Record extracts
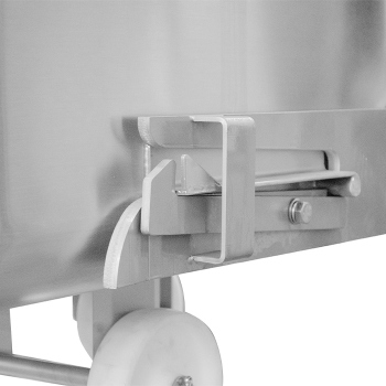 Po jego zwolnieniu tok pracy zostaje przerwany, zgodnie z zasadami bezpieczeństwa, a pojemnik pozostaje w pozycji wcześniej zajmowanej. Zamontowanie dodatkowej suwni buforowej umożliwia precyzyjne dozowanie i wydłużenie czasu opróżniania. Urządzenie dostarczone jest ze stopkami do przymocowania stałego (WT341) lub wyposażona w koła (WT342). Istnieje możliwość wyprodukowania wywrotnicy z niższym lub wyższym poziomem wysypu – zgodnie z potrzebami.
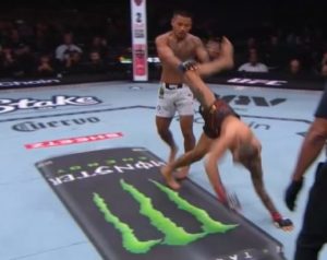 その前にパントージャはヴァンに右ハイキックをやっており、ジョシュアヴァンはこれをムエタイファイターのように左首下で掴み投げてしまったのでした。
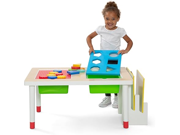 - 4 ACTIVITY BOARDS: 4 unique interchangeable boards provide multiple ways to play – choose from shape sorting, building blocks, gears or musical instruments| Table includes colorful shape sorting blocks and drum sticks
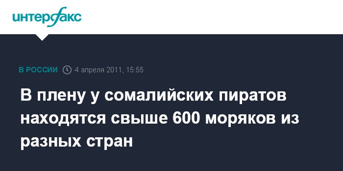 Санкт-Петербург. 4 апреля. INTERFAX.RU - Сомалийские пираты держат в заложниках свыше 600 моряков со всего мира, сообщил сайт Российского профсоюза моряков.
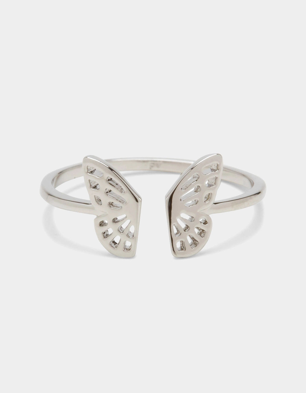 Pura Vida Butterfly Ring. Brass base with rhodium plating. Imported.
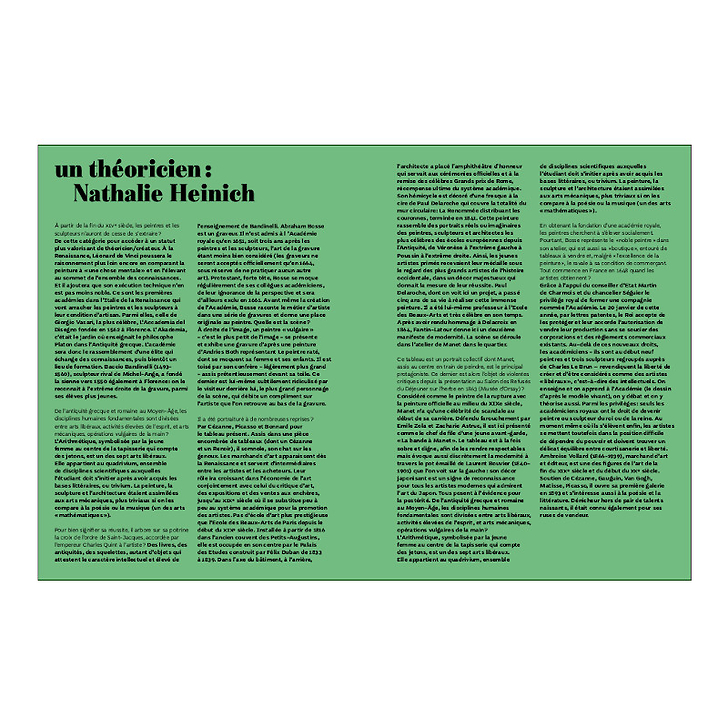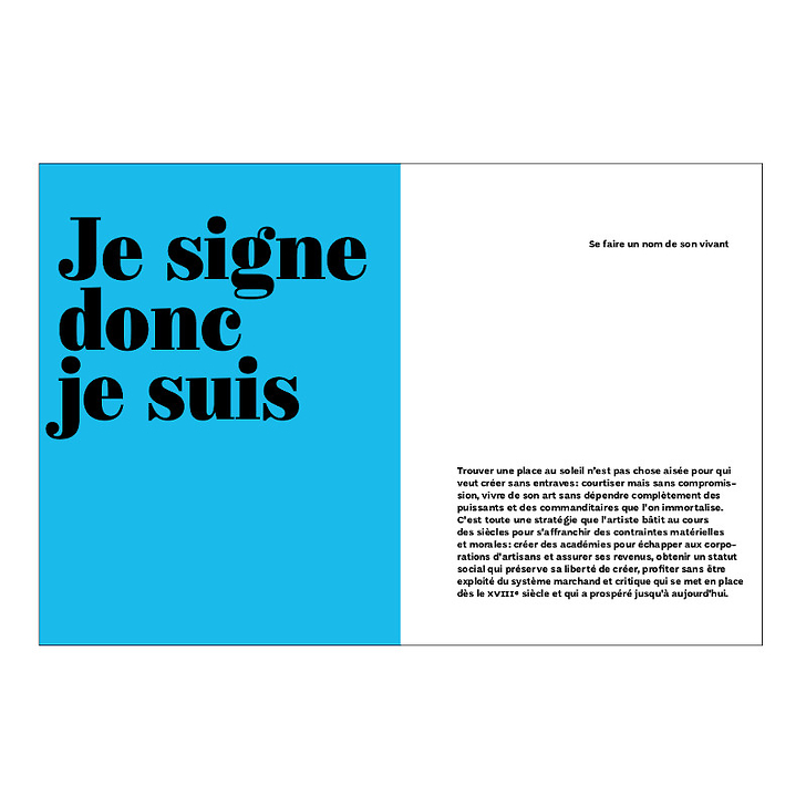 About a hundred works tell this exceptional story through several thematic sections: individualization through signature, emancipation through corporatism, elevation through the fabrication of "genius", consecration through self-representation, and distance through the revelation of the "behind the scenes".

Assignment
Your answer is the exact run of lines above from the one with "Санкт-Петербург. 4 апреля." through the one with "Pura Vida Butterfly", both ends included, minus any picture.

Response to this exercise
 Санкт-Петербург. 4 апреля. INTERFAX.RU - Сомалийские пираты держат в заложниках свыше 600 моряков со всего мира, сообщил сайт Российского профсоюза моряков.
 Pura Vida Butterfly Ring. Brass base with rhodium plating. Imported.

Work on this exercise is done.